SYDNEY – Fresh cracks appeared in global markets on Thursday as investors sought the safety of Japanese yen, gold and top-rated bonds while dumping U.S. dollars on bets the Federal Reserve could be done raising interest rates.
Even the absence of Tokyo for a holiday could not stop the dollar from hitting a 15-month low on the yen, and gold finally broke major chart resistance to reach its highest since May.
Financial spreadbetters expected Britain’s FTSE 100 (.FTSE) to open down 1 percent, Germany’s DAX (.GDAXI) 1.4 percent lower and France’s CAC 40 (.FCHI) down 1.5 percent.
EMini futures for the S&P 500 (ESc1) fell 0.7 percent, suggesting a weak opening on Wall Street as well.
Insatiable demand for U.S. Treasuries drove longer-term yields to one-year lows and flattened the yield curve in a way that has presaged economic recession in the past.
“In some ways it is reminiscent of 2008 with tightening credit markets, bank shares under pressure and worries central banks are powerless,” said Shane Oliver, head of investment strategy at AMP Capital, though he suspects markets are overly pessimistic this time.
The flight from risk told on most Asian shares, with Hong Kong (.HSI) – a favourite channel for global investors to play China – diving 4.2 percent as investors there returned from the long Lunar New year holidays. Mainland China markets are closed all week.
MSCI’s broadest index of Asia-Pacific shares outside Japan shed 1.4 percent, and South Korea (.KS11) resumed with a 2.9 percent drop.
Wall Street had ended Wednesday mixed after Fed Chair Janet Yellen sounded optimistic on the U.S. economy, but acknowledged risks from market turmoil and a slowdown in China.
Analysts took that to mean a hike in March was unlikely, but further tightening remained possible later in the year.
“Yellen made it clear that while the Fed still expects to continue on its gradual tightening path, policy was not on a pre-set course and would respond appropriately to developments,” said Justin Fabo, a senior economist at ANZ.
“The real test may come later, if markets continue to deteriorate and look to central banks to save them.
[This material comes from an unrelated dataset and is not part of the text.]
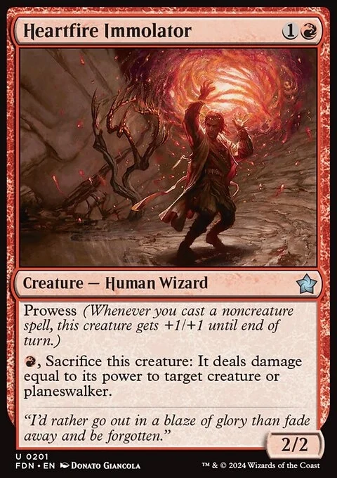Prowess (Whenever you cast a noncreature spell, this creature gets +1/+1 until end of turn.) {R}, Sacrifice this creature: It deals damage equal to its power to target creature or planeswalker.

Are policymakers’ guns loaded with blanks?”
It seemed some were already preparing for the worst.
Longer-term U.S. debt rallied hard as investors wagered that either the Fed would be unable to tighten at even a gradual pace, or that if it did hike it would only hasten the arrival of recession and deflation.
In a marked turnaround, yields on 10-year Treasuries fell to 1.673 percent , from a top of 1.773, almost exactly matching the lowest close from February last year. Futures (TYc1) imply further price gains lie ahead.
As a result, the spread over two-year paper (US2YT=TWEB) shrank to just 98 basis points, the smallest gap since late 2007 just before the global financial crisis hit.
Likewise, Fed fund futures are pricing in the shallowest of shallow tightening paths. The market implies a rate of 45 basis points for the end of this year, 60 basis points at the end of 2017 and 90 by the close of 2018.
The inexorable decline in U.S. yields continued to drag on the dollar, which reached lows last seen in October against a basket of currencies (.DXY).
The yen was again lifted by safe-haven flows, as befits Japan’s position as the world’s largest creditor nation. The dollar dove through 113.00 yen to reach depths not delved since November 2014 at 112.515 (JPY=EBS).
The euro also weakened against its Japanese peer, sliding to a near three-week low of 127.26 yen (EURJPY=R). Against the greenback, the euro held firm at $1.1292 and within reach of a three-month high of $1.13385 set earlier in the week.
The aversion to risk helped lift gold (XAU=) as far as $1,213.00 an ounce, clearing stiff resistance around $1,200.
Oil prices resumed their decline as U.S. crude (CLc1) slid 47 cents to $26.98 a barrel, while Brent futures (LCOc1) lost 18 cents to $30.66.